• _Exercise goal_: A word-for-word copy of the data is what's wanted; pictures stay out of it.

• _Provided data_:
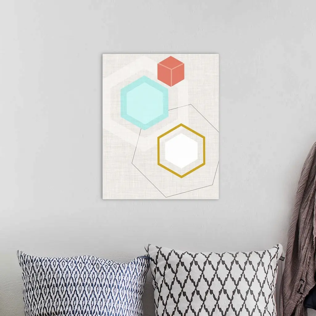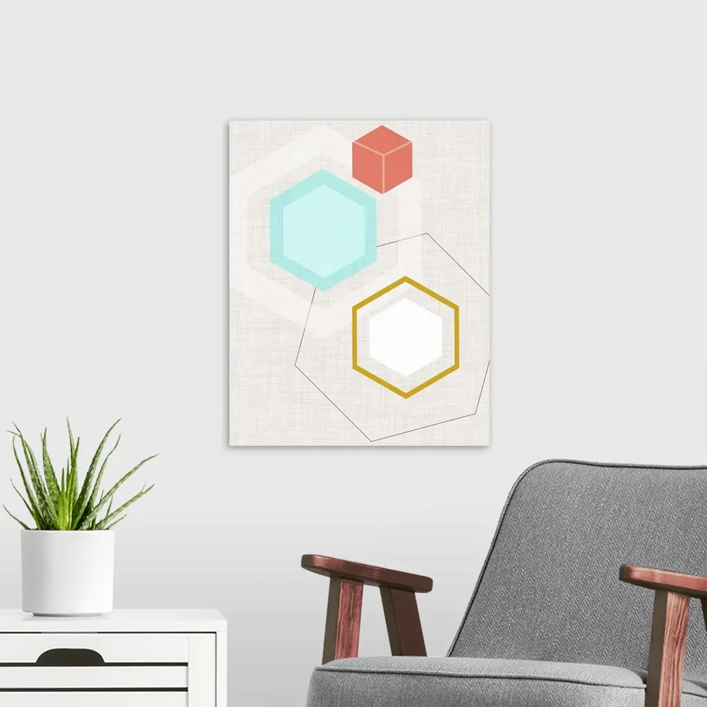 Contemporary artwork of geometric shapes in muted colors against a burlap textured background in a retro mid-century style.
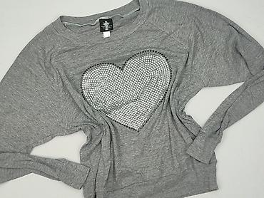 Szara bluza damska C&A (Clockhouse), rozmiar L. - Krój: klasyczna bluza z okrągłym dekoltem, rękawy raglanowe, ściągacze przy kołnierzu, mankietach i u dołu. - Przód: duży nadruk z sercem i napise...
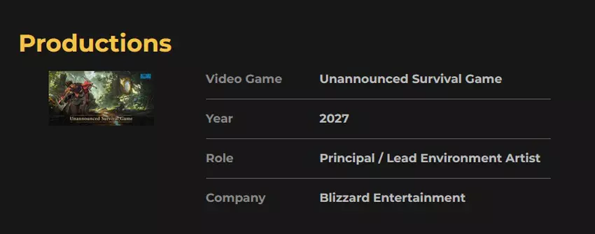 Od razu należy zaznaczyć, że czołowy artysta środowiskowy Blizzard Entertainment Dan John Cox (Dan John Cox) sprostował informację, czyniąc ją niewiarygodną, ale dziennikarzom wydania Insider Gaming udało się wykonać zrzut ekranu, który pokazuje oryginalną datę premiery symulatora przetrwania - 2027 rok.

• _Task answer_:
 Contemporary artwork of geometric shapes in muted colors against a burlap textured background in a retro mid-century style.
 Szara bluza damska C&A (Clockhouse), rozmiar L. - Krój: klasyczna bluza z okrągłym dekoltem, rękawy raglanowe, ściągacze przy kołnierzu, mankietach i u dołu. - Przód: duży nadruk z sercem i napise...
 Od razu należy zaznaczyć, że czołowy artysta środowiskowy Blizzard Entertainment Dan John Cox (Dan John Cox) sprostował informację, czyniąc ją niewiarygodną, ale dziennikarzom wydania Insider Gaming udało się wykonać zrzut ekranu, który pokazuje oryginalną datę premiery symulatora przetrwania - 2027 rok.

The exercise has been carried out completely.